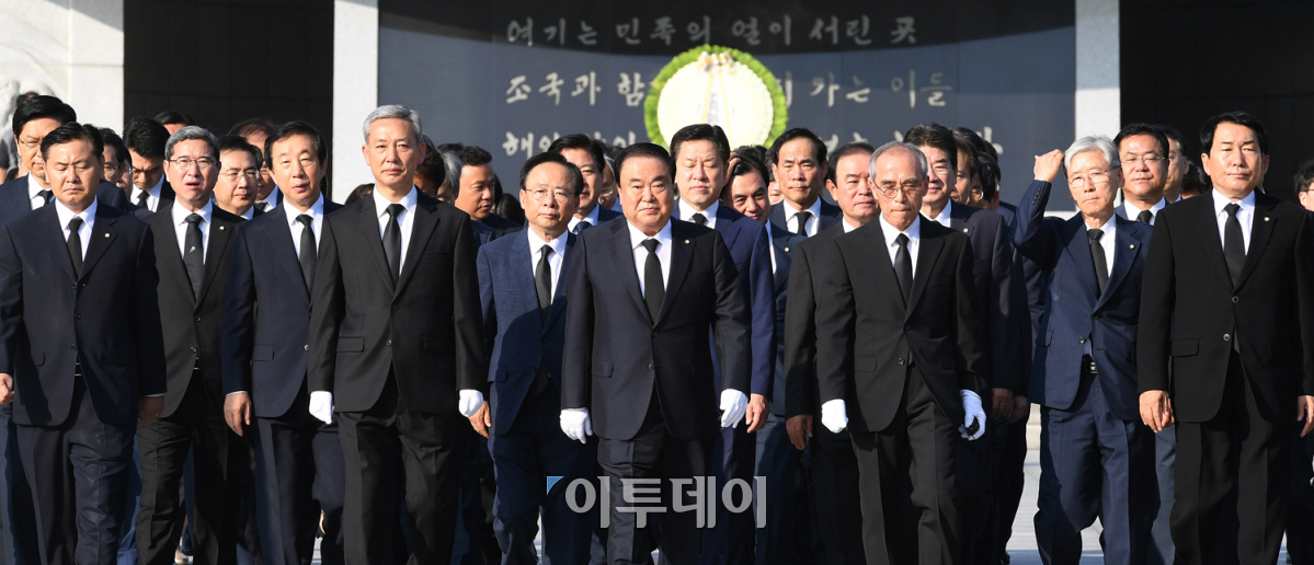 '제70주년 제헌절'인 17일 오전 서울 동작구 국립서울현충원에서 문희상 신임 국회의장을 비롯한 의장단과 여야 지도부 및 의원들이 현충탑 참배 후 현충문을 나서고 있다. 오승현 기자 story@
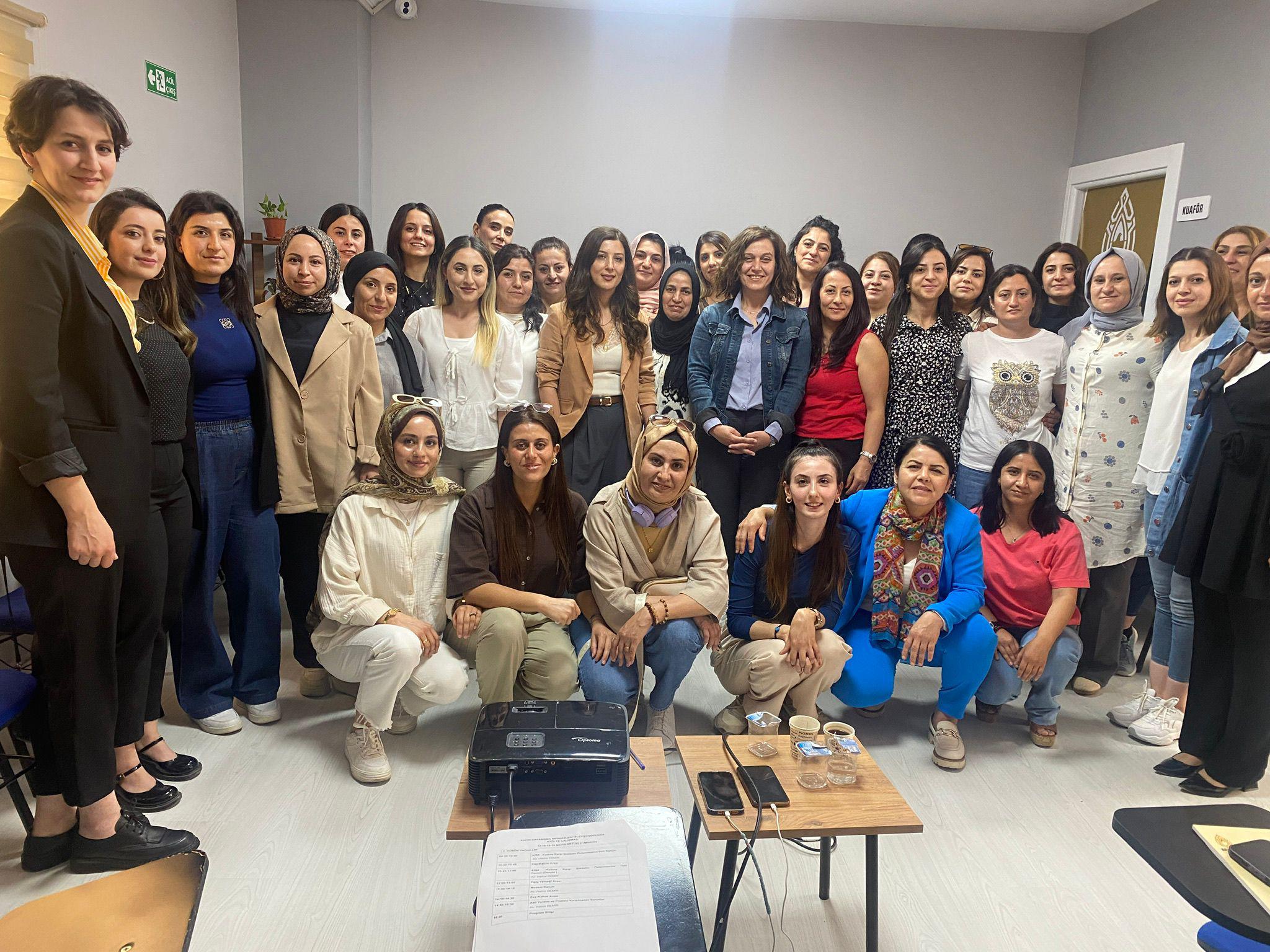 Mardin, Şırnak ve Şanlıurfa’dan gelen ilçe belediyelerinde görevli Kadın Politikaları Müdürlüklerinden 38 kadın personelin katılımıyla gerçekleşen dört günlük eğitim programı, kadın odaklı yerel yönetim anlayışının güçlendirilmesini hedefledi.
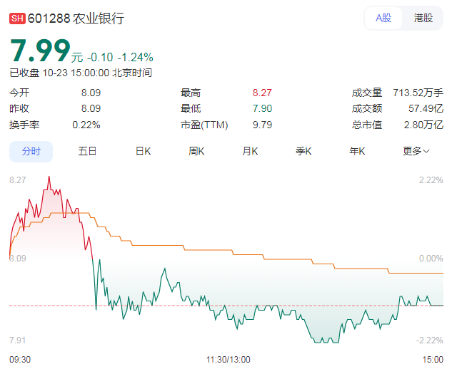 10月23日,农业银行股价盘中一度涨幅超2%,并继续创出历史新高,随后却出现跳水。截至收盘,农业银行报7.99元/股,下跌1.24%,日K线收阴,终结了此前连续14日的阳线走势。值得注意的是,今年以来,农业银行涨幅已接近50%。
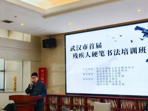 这是武汉首次专门为残疾人开设的硬笔书法业余培训班,由湖北省硬笔书法家协会与武汉市残疾人社会服务中心联合举办。
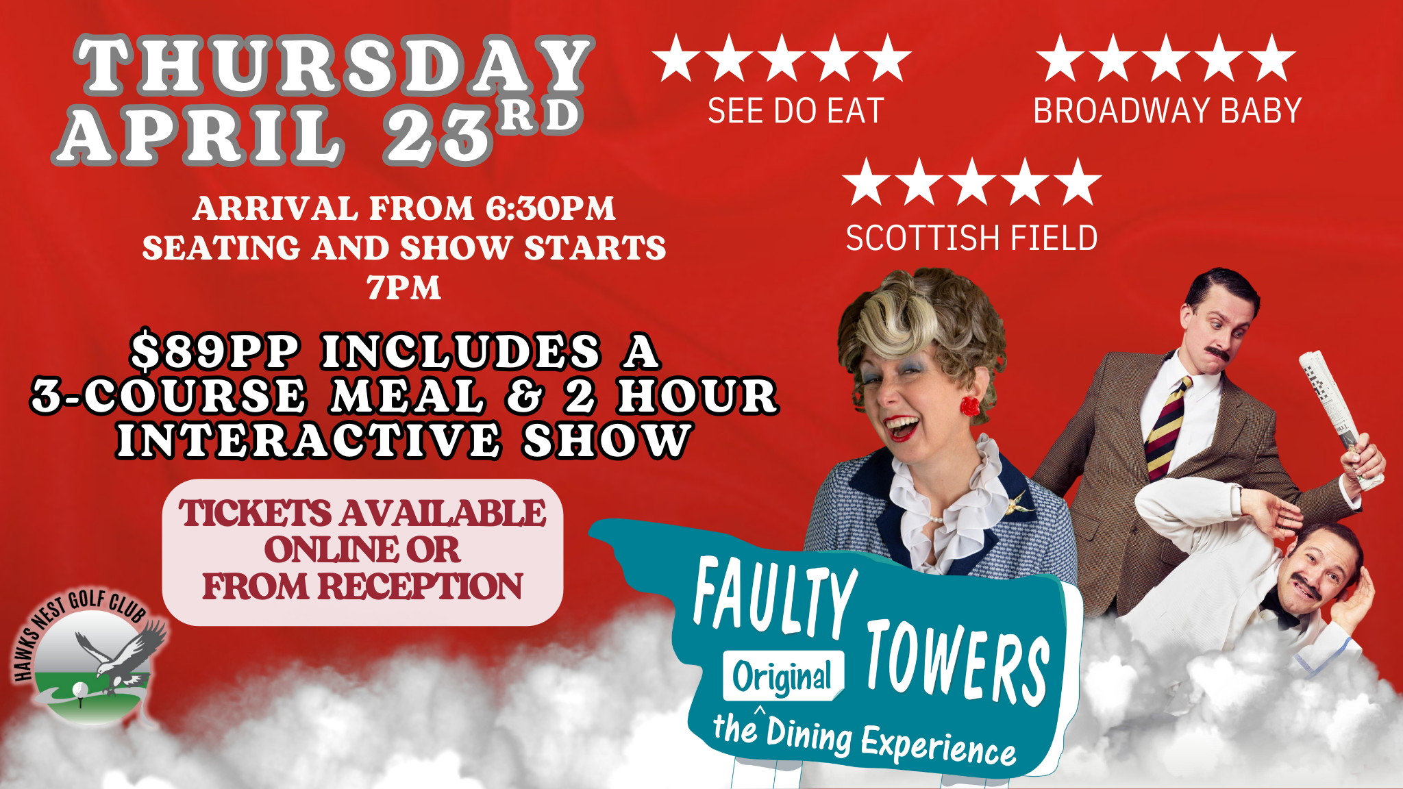 Thursday April 23rd - arrival at 6.30pm for a 7pm seating and show commencement.
------------------------
EXERCISE DIRECTIONS:
Everything from the line that contains "10月23日,农业银行股价盘" to the final line of the data is to be duplicated exactly, both ends included, except the pictures.

EXERCISE OUTPUT:
 10月23日,农业银行股价盘中一度涨幅超2%,并继续创出历史新高,随后却出现跳水。截至收盘,农业银行报7.99元/股,下跌1.24%,日K线收阴,终结了此前连续14日的阳线走势。值得注意的是,今年以来,农业银行涨幅已接近50%。
 这是武汉首次专门为残疾人开设的硬笔书法业余培训班,由湖北省硬笔书法家协会与武汉市残疾人社会服务中心联合举办。
 Thursday April 23rd - arrival at 6.30pm for a 7pm seating and show commencement.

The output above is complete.